--- DATA FOR REVIEW Enclosed Below ---

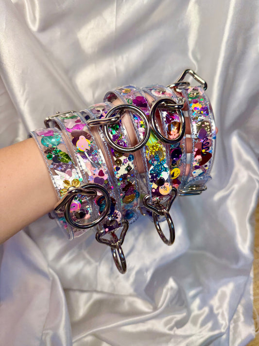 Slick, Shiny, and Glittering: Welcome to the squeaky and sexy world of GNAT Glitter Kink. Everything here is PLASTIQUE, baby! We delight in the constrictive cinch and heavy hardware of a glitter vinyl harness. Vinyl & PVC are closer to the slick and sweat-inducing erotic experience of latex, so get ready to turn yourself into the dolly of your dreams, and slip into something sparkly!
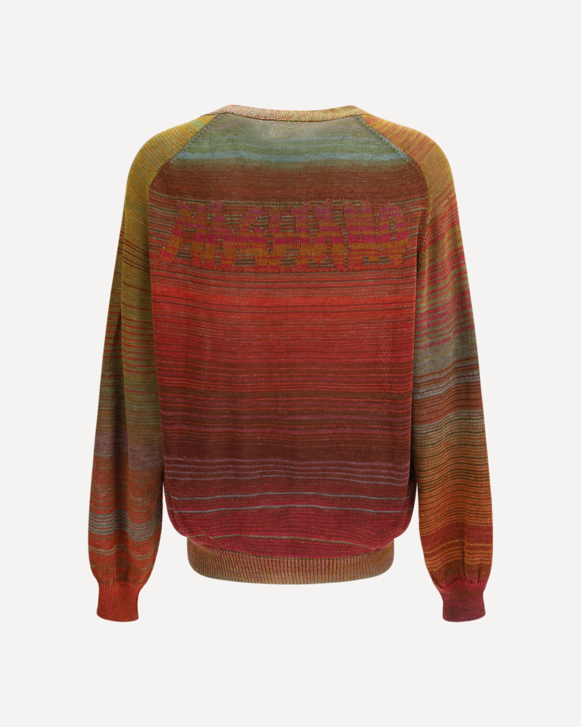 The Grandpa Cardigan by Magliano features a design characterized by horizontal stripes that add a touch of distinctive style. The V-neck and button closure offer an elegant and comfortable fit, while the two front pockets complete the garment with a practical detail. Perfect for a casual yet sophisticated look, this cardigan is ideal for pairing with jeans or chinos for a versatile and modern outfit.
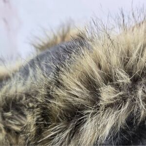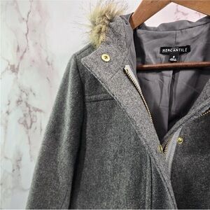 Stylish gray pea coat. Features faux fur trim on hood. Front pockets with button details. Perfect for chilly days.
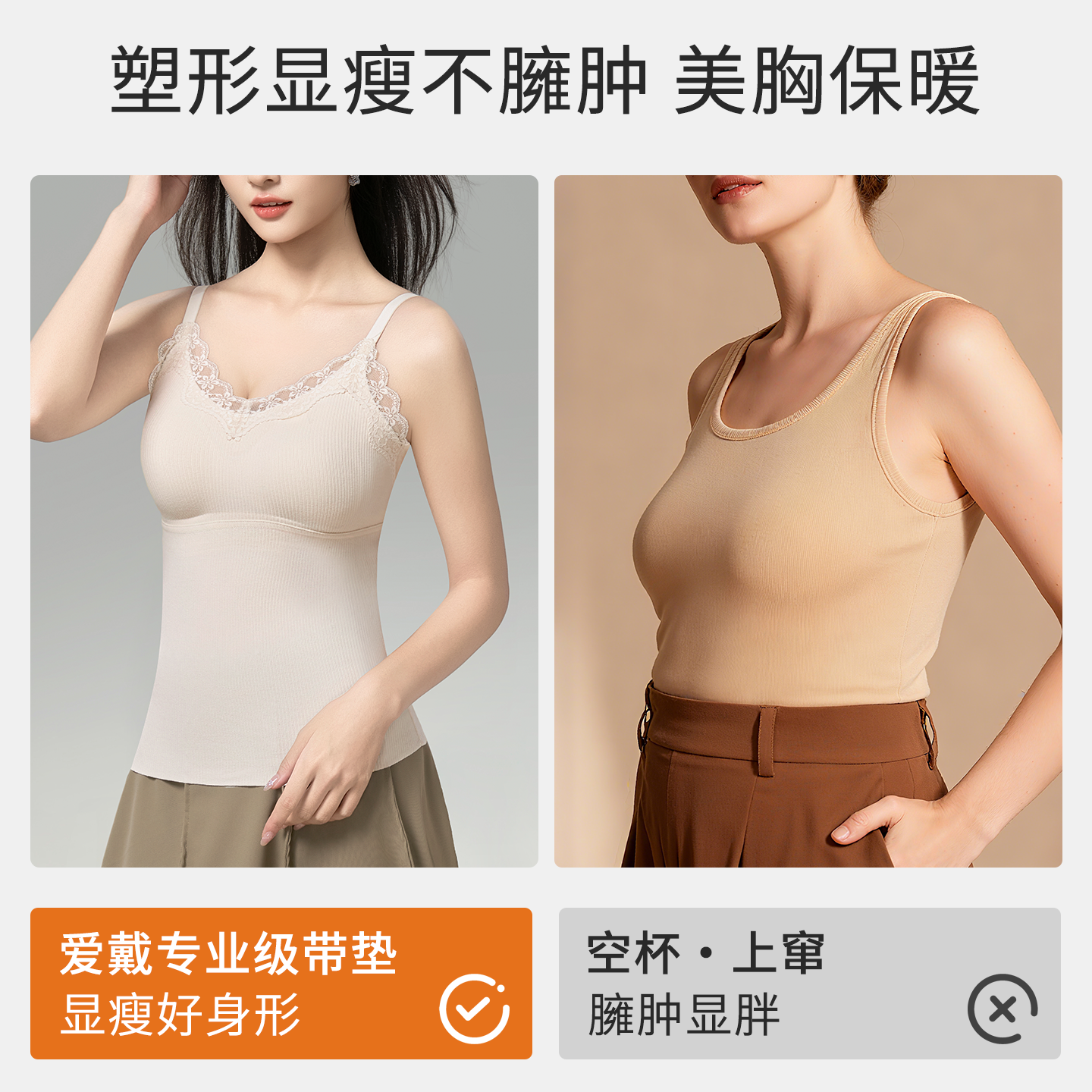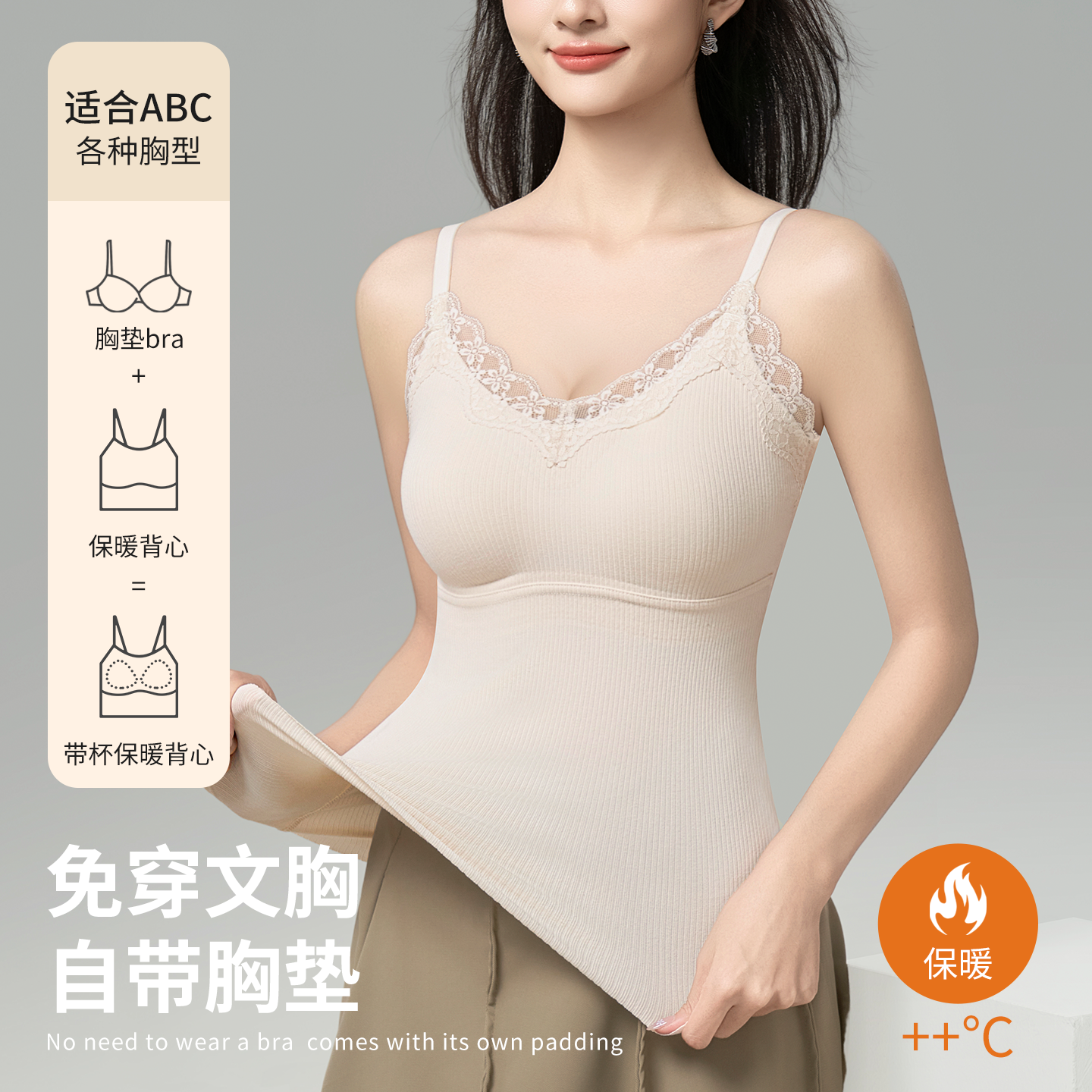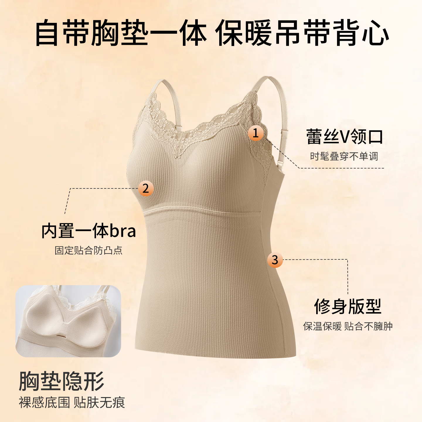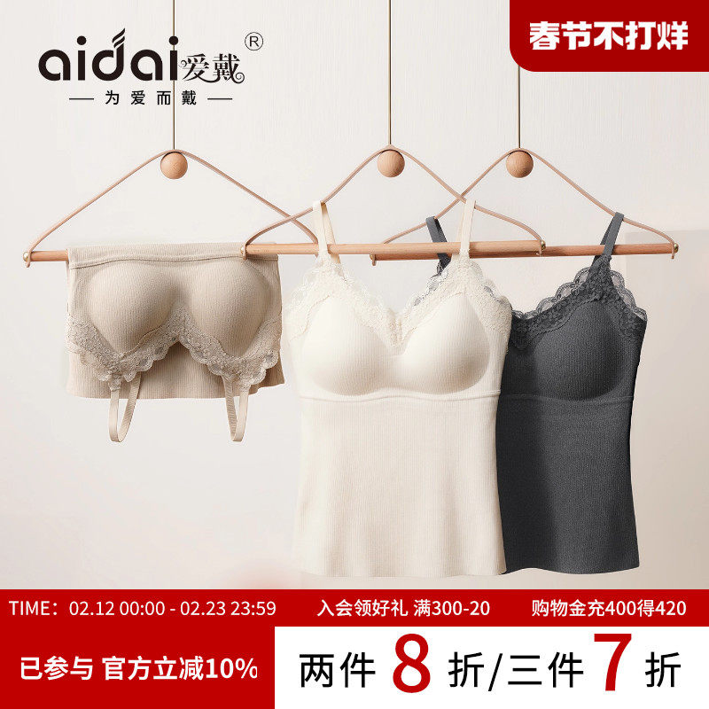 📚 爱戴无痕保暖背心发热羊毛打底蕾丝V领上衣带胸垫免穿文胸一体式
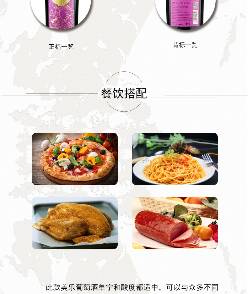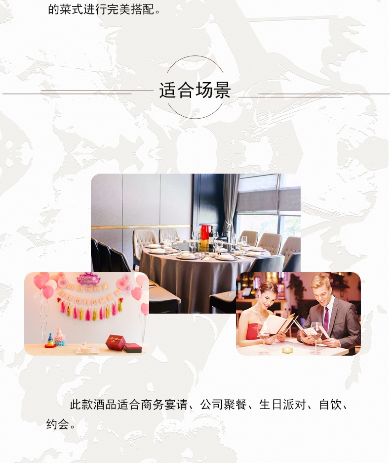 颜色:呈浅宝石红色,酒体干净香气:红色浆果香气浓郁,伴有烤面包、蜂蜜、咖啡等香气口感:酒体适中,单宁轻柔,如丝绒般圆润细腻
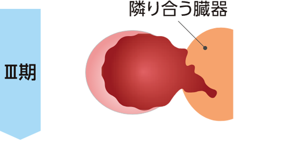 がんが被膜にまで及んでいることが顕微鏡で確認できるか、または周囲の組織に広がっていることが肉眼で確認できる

--- End of Enclosed DATA FOR REVIEW ---

* [EXERCISE REQUIREMENTS]
In your copy, exclude the pictures and repeat each entry above exactly.

* [REPLY]
 Slick, Shiny, and Glittering: Welcome to the squeaky and sexy world of GNAT Glitter Kink. Everything here is PLASTIQUE, baby! We delight in the constrictive cinch and heavy hardware of a glitter vinyl harness. Vinyl & PVC are closer to the slick and sweat-inducing erotic experience of latex, so get ready to turn yourself into the dolly of your dreams, and slip into something sparkly!
 The Grandpa Cardigan by Magliano features a design characterized by horizontal stripes that add a touch of distinctive style. The V-neck and button closure offer an elegant and comfortable fit, while the two front pockets complete the garment with a practical detail. Perfect for a casual yet sophisticated look, this cardigan is ideal for pairing with jeans or chinos for a versatile and modern outfit.
 Stylish gray pea coat. Features faux fur trim on hood. Front pockets with button details. Perfect for chilly days.
 📚 爱戴无痕保暖背心发热羊毛打底蕾丝V领上衣带胸垫免穿文胸一体式
 颜色:呈浅宝石红色,酒体干净香气:红色浆果香气浓郁,伴有烤面包、蜂蜜、咖啡等香气口感:酒体适中,单宁轻柔,如丝绒般圆润细腻
 がんが被膜にまで及んでいることが顕微鏡で確認できるか、または周囲の組織に広がっていることが肉眼で確認できる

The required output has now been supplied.